Northwind Ribbon tab

Add the following code to the OnClick event handler of the Employee Leave Application button:

private void btnEmployeeLeave_OnClick(object sender, AddinExpress.MSO.IRibbonControl control, bool pressed)
    Access.Control firstNameControl = (Access.Control)AccessApp.Forms["Employee Details"].Controls["First Name"];
    Access.Control lastNameControl = (Access.Control)AccessApp.Forms["Employee Details"].Controls["Last Name"];
    //Get Values from TextBox
    string firstName = firstNameControl.GetType().InvokeMember("Value", System.Reflection.BindingFlags.GetProperty,
        null, firstNameControl, null).ToString();
    string lastName = firstNameControl.GetType().InvokeMember("Value", System.Reflection.BindingFlags.GetProperty,
        null, lastNameControl, null).ToString();
    string fullName = String.Format("{0} {1}", firstName, lastName);
    NorthwindNet.UI.frmEmployeeLeave employeeLeaveForm = new NorthwindNet.UI.frmEmployeeLeave(fullName);

In the above code, we get a reference to the First Name and Last Name textbox controls on the MS Access form called Employee Details and retrieve their values using InvokeMember. However, if you need to set values on a MS Access form you can use the following code:

//Set Value in First Name Textbox to John
Access.Control firstNameControl = (Access.Control)AccessApp.Forms
["Employee Details"].Controls["First Name"];
object[] Parameters = new Object[1];
Parameters[0] = "John";
firstNameControl.GetType().InvokeMember("Value", System.Reflection.BindingFlags.SetProperty, null, accessControl, Parameters);

Below is a screenshot of what the Employee Details form looks like in MS Access:

Employee Details form

When the user clicks on the Employee Leave Application button, the leave application form (written in C#) of our new system is displayed:

Leave application form

This is accomplished by adding a reference to the UI library of our new system called NorthwindNet.UI. In order for this to work, the UI library needed to be strongly signed.

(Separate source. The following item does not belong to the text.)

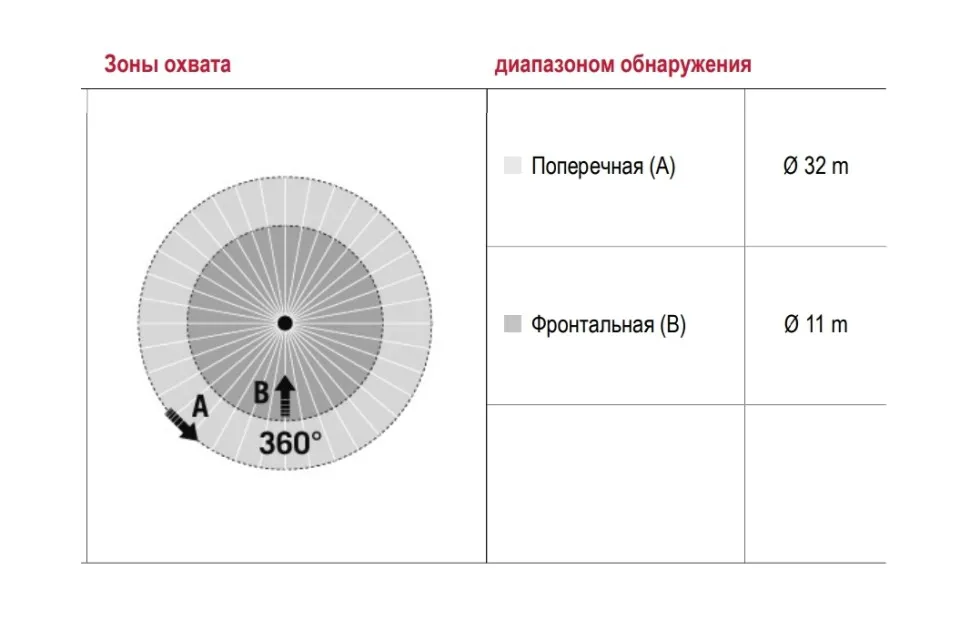 | диапазоном обнаружения Фронтально | Ø 11 м |

You’ll also notice that the Shipper Rates/Taxes Maintenance button is disabled. It will only be enabled as soon as the Shipper Detail form is open in MS Access. To accomplish this, we need to add a Microsoft Access Events component to the AddinModule designer surface:

Adding Microsoft Access Events component

In the Access Events components’ CurrentObjectChanged Event handler, add the following code:

private void adxAccessEvents_CurrentObjectChanged(object sender, string name,
    AddinExpress.MSO.ADXAcObjectType objType, AddinExpress.MSO.ADXAcObjectState objState)
    switch (name.ToUpper())
        case "EMPLOYEE DETAILS":
            btnEmployeeLeave.Enabled = true;
        case "SHIPPERDETAILS":
            btnShipperRatesTaxes.Enabled = true;
            btnEmployeeLeave.Enabled = false;
            btnShipperRatesTaxes.Enabled = false;

There you go! An easy and effective way to add new .Net features to an existing MS Access application.

Thank you for reading. Until next time, keep coding!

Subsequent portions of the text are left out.